**What to work on:**
Omit the pictures found among the records and print everything else exactly as it stands.
□ □ □ □ □
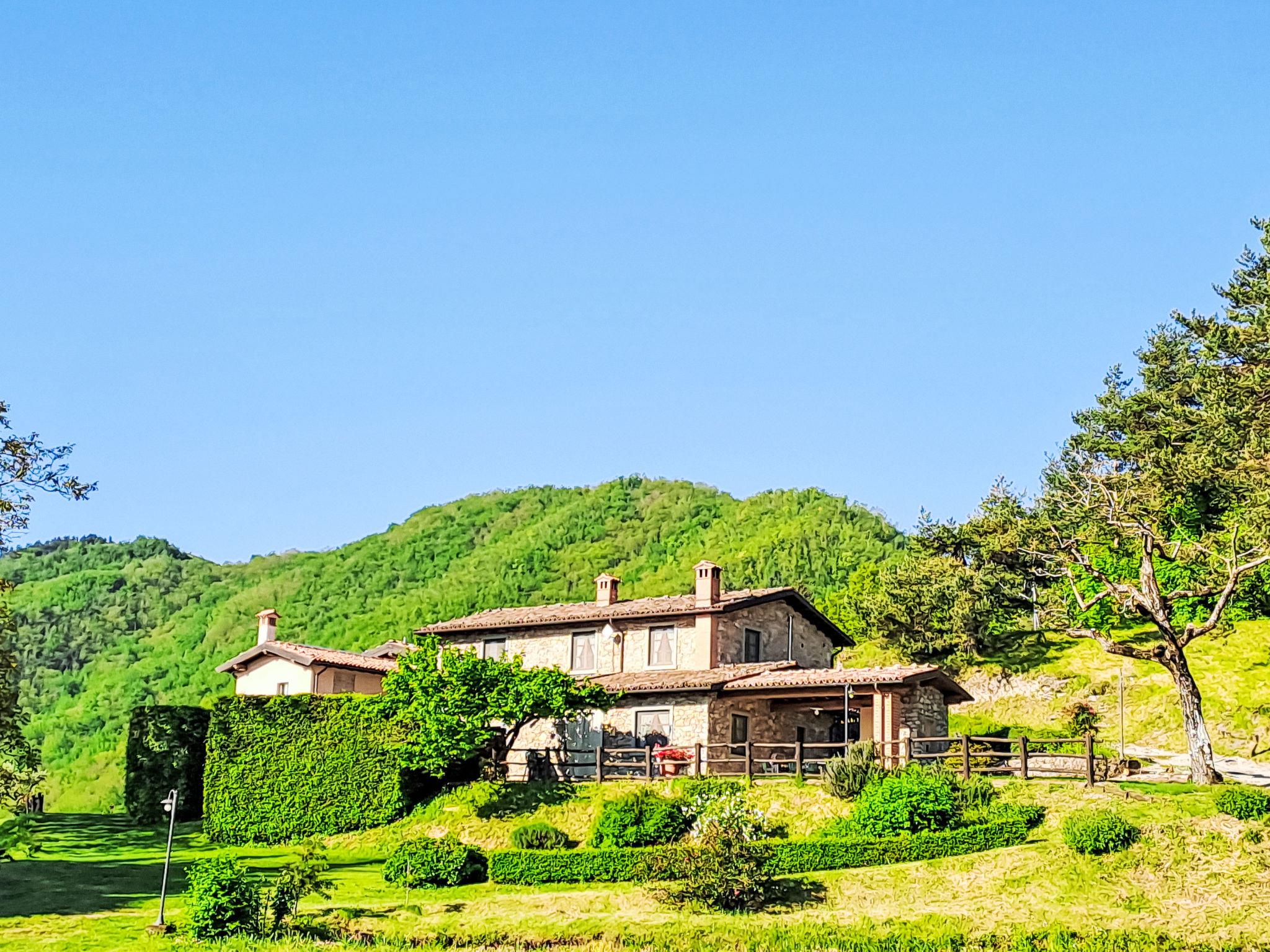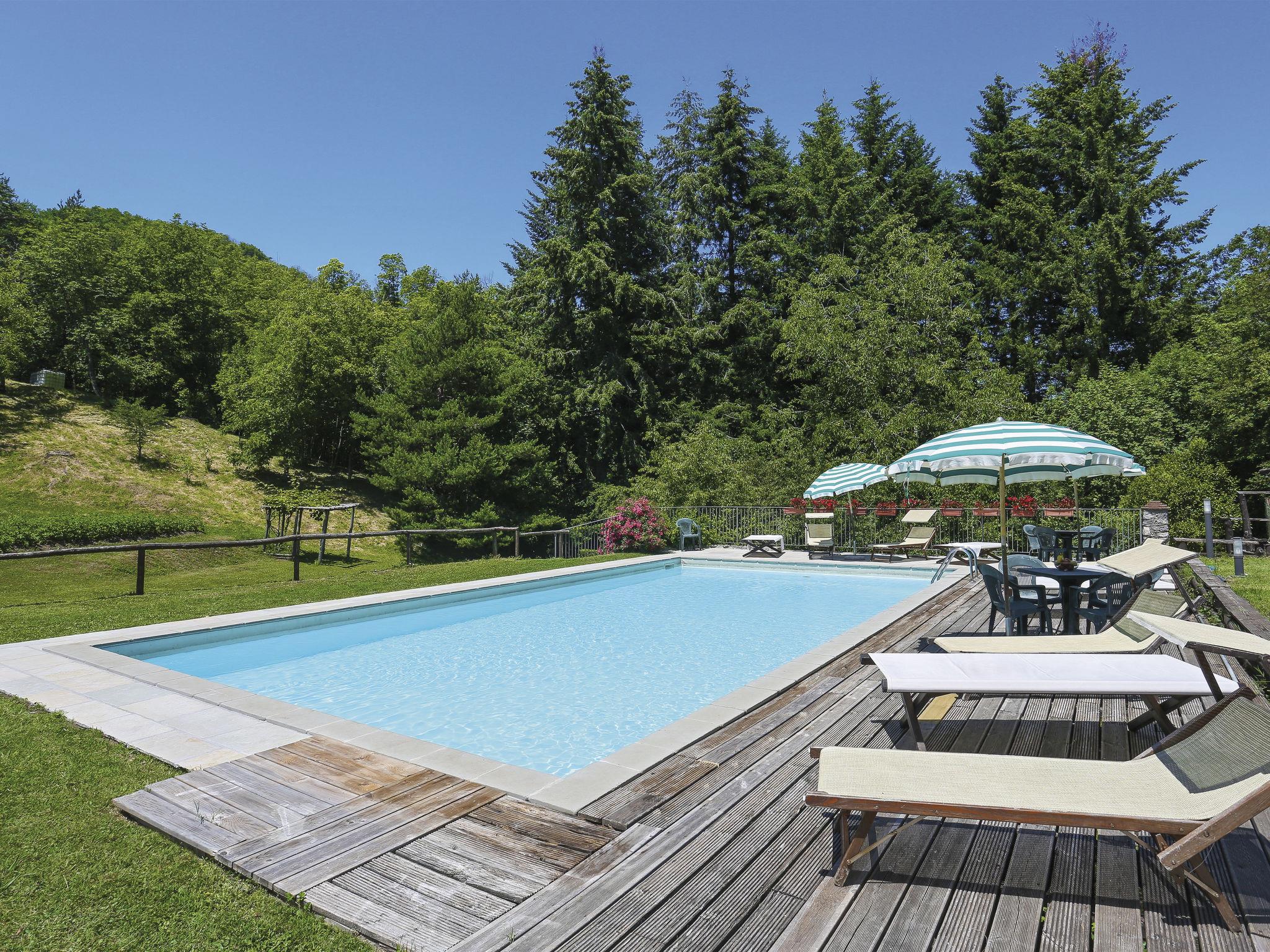 Molazzana 8 km from Casteln. di Garfagnana: Country house "Le Bore", 700 m a.s.l., surrounded by trees and meadows. 2 houses in the resort. 8 km from the centre of Castelnuovo di Garfagnana, 47 km from the centre of Lucca, 64 km from the centre of Pisa, in a secluded, quiet position on a slope, 74 km from the sea, in the countryside. For shared use: property 50'000 m2 (fenced), small garden with lawn and plants, natural garden, meadow, swimming pool (12 x 6 m, seasonal availability: 01.May. - 01.Oct.). Shower/WC in the pool area, outdoor shower, barbecue. In the house: washing machine (for shared use). 600 m long narrow motor access (mountain road). Parking on the premises. Shop 5 km, supermarket 8 km, bus stop 500 m, sandy beach "Lido di Camaiore" 74 km. The owner does not accept any youth groups. Local sale of farm products.
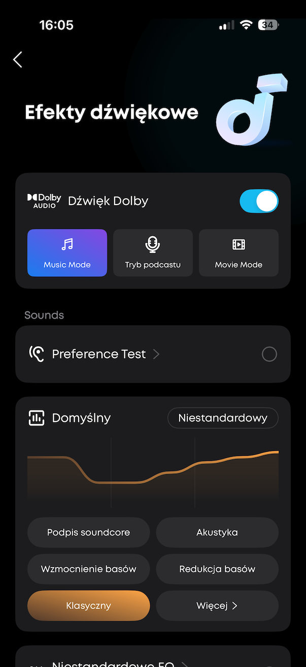 Do tego dochodzi Dolby Audio, czyli ten tryb przestrzeni, który jest świetny… pod warunkiem, że potraktujesz go jak przyprawę. W filmach potrafi dodać efektu, w niektórych gatunkach muzyki robi przyjemną scenę, ale jeśli włączysz go wszędzie, czasem przesunie środek ciężkości w stronę wrażenia, że wokal stoi pół kroku dalej. Ja bym to widziała tak: Dolby do filmów i części playlist, a na co dzień klasyczne granie z dopasowanym EQ. Wtedy Liberty 5 pokazują swój najlepszy charakter.
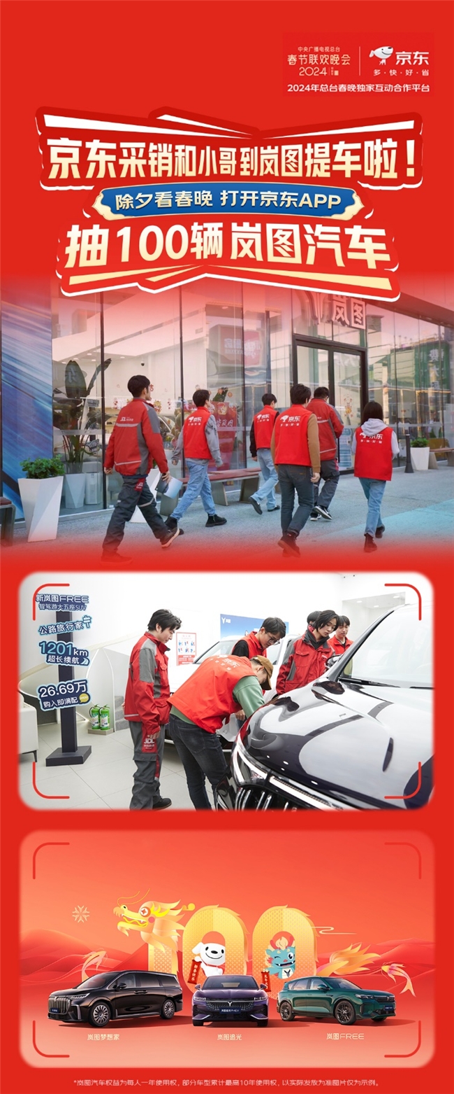 2月1日,京东揭晓央视龙年春晚最大礼:100辆岚图汽车!2月9日除夕夜,中央广播电视总台《2024年春节联欢晚会》将正式与观众见面,京东作为总台春晚互动合作平台,也将为全球华人送上1亿份实物好礼。其中,京东汽车与战略合作品牌岚图汽车携手带来了今年央视春晚的超级大奖——100辆岚图汽车使用权!大家可以在除夕看春晚过程中,打开京东APP参与互动活动,即有机会抽取岚图汽车。
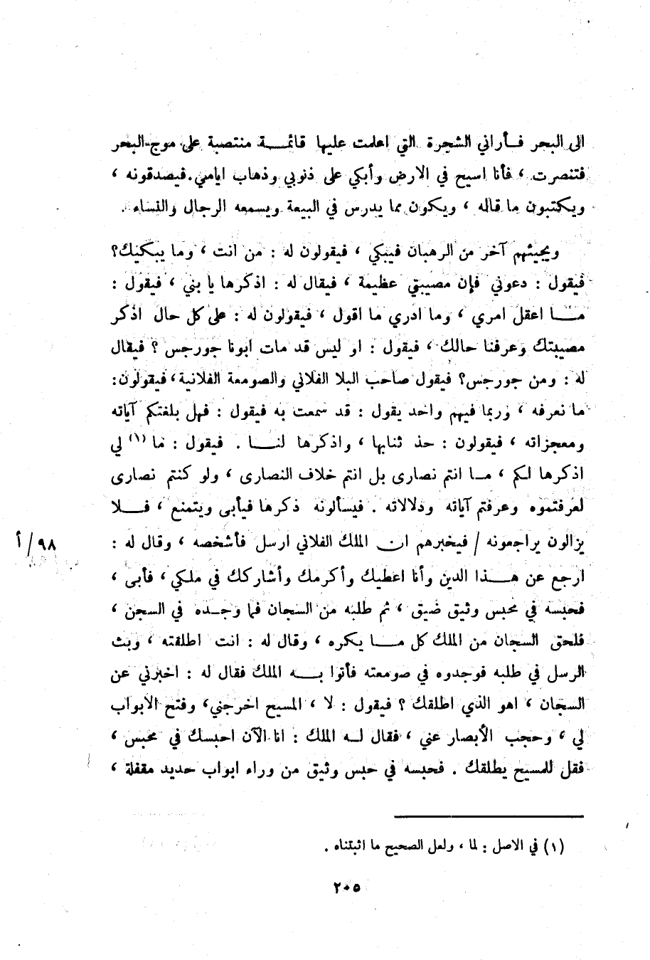 الى البحر فأراني الشجرة التي اعلمت عليها قائمة منتصبة على موج البحر فتنصرت، فأنا اسيح في الارض وأبكي على ذنوبي وذهاب ايامي. فيصدقونه، ويكتبون ما قاله، ويكون مما يدرس في البيعة ويسمعه الرجال والنساء.
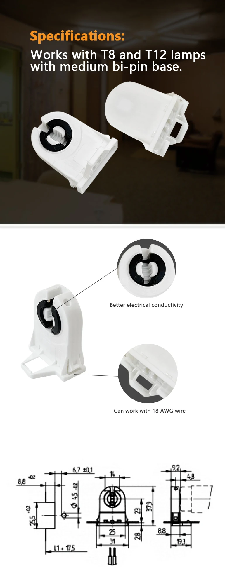 Feature: "Specifications: Works with T8 and T12 lamps with medium bi-pin base.Great for retrofitting your fluorescent fixtures to LED tubes, replacing old florescent lamp holders and more. High quality: Made from high quality fireproof PC, the T8 lamp holders are heat resistant and 100% safe from fire hazard, durable even after years of use. Advantage: Easy to Use: Get your project done in minutes with T8 Lamp Holder Socket Tombstone with 10” 18 AWG Wire. Just connect the wires (not included), plug the tube in and twist, a plug-and-play solution for your lighting projects. Wide Application: Perfect for anywhere from home, office, basement, closet to studio that needs a lighting retrofit, while staying low profile between the T8 lights.".
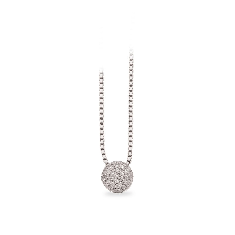 Diese elegante Weißgold-Halskette mit Diamanten von Dazzling ist ein klassisches Schmuckstück in einem zeitlosen und femininen Design. Der Anhänger ist aus 14 Karat Weißgold gefertigt, wobei Brillantschliff-Diamanten einen leichten und harmonischen Rahmen um die Polet-Form bilden.
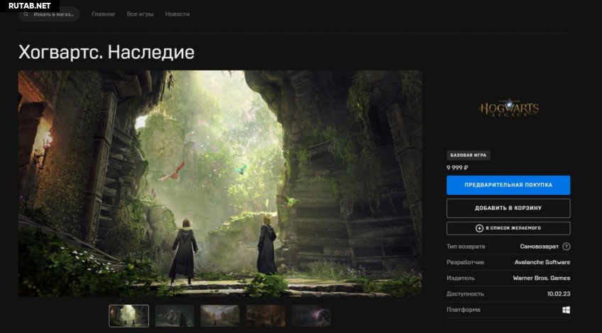 В Epic Games Store страница «Хогвартс. Наследие» доступна, но игра стоит 9999 рублей. В других странах она продаётся за 60 usd или евро.
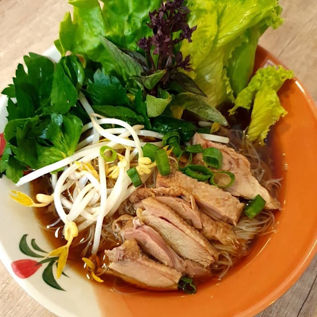 Rollitos de pasta fresca de arroz al vapor rellenos de verduras frescas y langostinos acompañados de salsa de especiada.
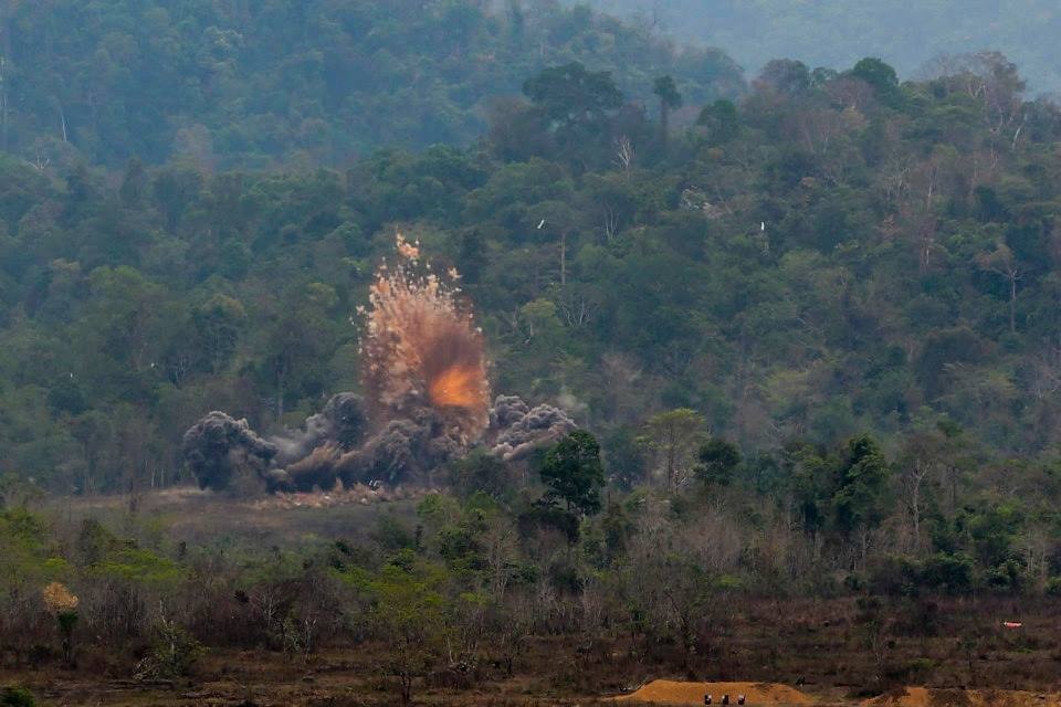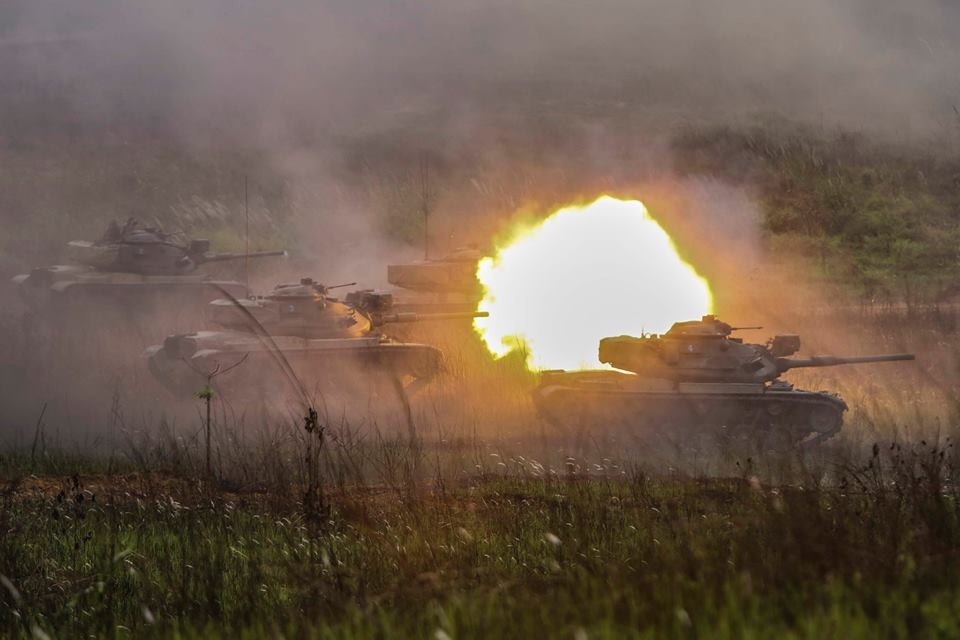 Xe tăng M60A1 của Thái Lan nhả đạn hôm 21/2/2014 tại Trung tâm Huấn luyện Ban Chan Krem. |
□ □ □ □ □
**Task solution:**
 Molazzana 8 km from Casteln. di Garfagnana: Country house "Le Bore", 700 m a.s.l., surrounded by trees and meadows. 2 houses in the resort. 8 km from the centre of Castelnuovo di Garfagnana, 47 km from the centre of Lucca, 64 km from the centre of Pisa, in a secluded, quiet position on a slope, 74 km from the sea, in the countryside. For shared use: property 50'000 m2 (fenced), small garden with lawn and plants, natural garden, meadow, swimming pool (12 x 6 m, seasonal availability: 01.May. - 01.Oct.). Shower/WC in the pool area, outdoor shower, barbecue. In the house: washing machine (for shared use). 600 m long narrow motor access (mountain road). Parking on the premises. Shop 5 km, supermarket 8 km, bus stop 500 m, sandy beach "Lido di Camaiore" 74 km. The owner does not accept any youth groups. Local sale of farm products.
 Do tego dochodzi Dolby Audio, czyli ten tryb przestrzeni, który jest świetny… pod warunkiem, że potraktujesz go jak przyprawę. W filmach potrafi dodać efektu, w niektórych gatunkach muzyki robi przyjemną scenę, ale jeśli włączysz go wszędzie, czasem przesunie środek ciężkości w stronę wrażenia, że wokal stoi pół kroku dalej. Ja bym to widziała tak: Dolby do filmów i części playlist, a na co dzień klasyczne granie z dopasowanym EQ. Wtedy Liberty 5 pokazują swój najlepszy charakter.
 2月1日,京东揭晓央视龙年春晚最大礼:100辆岚图汽车!2月9日除夕夜,中央广播电视总台《2024年春节联欢晚会》将正式与观众见面,京东作为总台春晚互动合作平台,也将为全球华人送上1亿份实物好礼。其中,京东汽车与战略合作品牌岚图汽车携手带来了今年央视春晚的超级大奖——100辆岚图汽车使用权!大家可以在除夕看春晚过程中,打开京东APP参与互动活动,即有机会抽取岚图汽车。
 الى البحر فأراني الشجرة التي اعلمت عليها قائمة منتصبة على موج البحر فتنصرت، فأنا اسيح في الارض وأبكي على ذنوبي وذهاب ايامي. فيصدقونه، ويكتبون ما قاله، ويكون مما يدرس في البيعة ويسمعه الرجال والنساء.
 Feature: "Specifications: Works with T8 and T12 lamps with medium bi-pin base.Great for retrofitting your fluorescent fixtures to LED tubes, replacing old florescent lamp holders and more. High quality: Made from high quality fireproof PC, the T8 lamp holders are heat resistant and 100% safe from fire hazard, durable even after years of use. Advantage: Easy to Use: Get your project done in minutes with T8 Lamp Holder Socket Tombstone with 10” 18 AWG Wire. Just connect the wires (not included), plug the tube in and twist, a plug-and-play solution for your lighting projects. Wide Application: Perfect for anywhere from home, office, basement, closet to studio that needs a lighting retrofit, while staying low profile between the T8 lights.".
 Diese elegante Weißgold-Halskette mit Diamanten von Dazzling ist ein klassisches Schmuckstück in einem zeitlosen und femininen Design. Der Anhänger ist aus 14 Karat Weißgold gefertigt, wobei Brillantschliff-Diamanten einen leichten und harmonischen Rahmen um die Polet-Form bilden.
 В Epic Games Store страница «Хогвартс. Наследие» доступна, но игра стоит 9999 рублей. В других странах она продаётся за 60 usd или евро.
 Rollitos de pasta fresca de arroz al vapor rellenos de verduras frescas y langostinos acompañados de salsa de especiada.
 Xe tăng M60A1 của Thái Lan nhả đạn hôm 21/2/2014 tại Trung tâm Huấn luyện Ban Chan Krem. |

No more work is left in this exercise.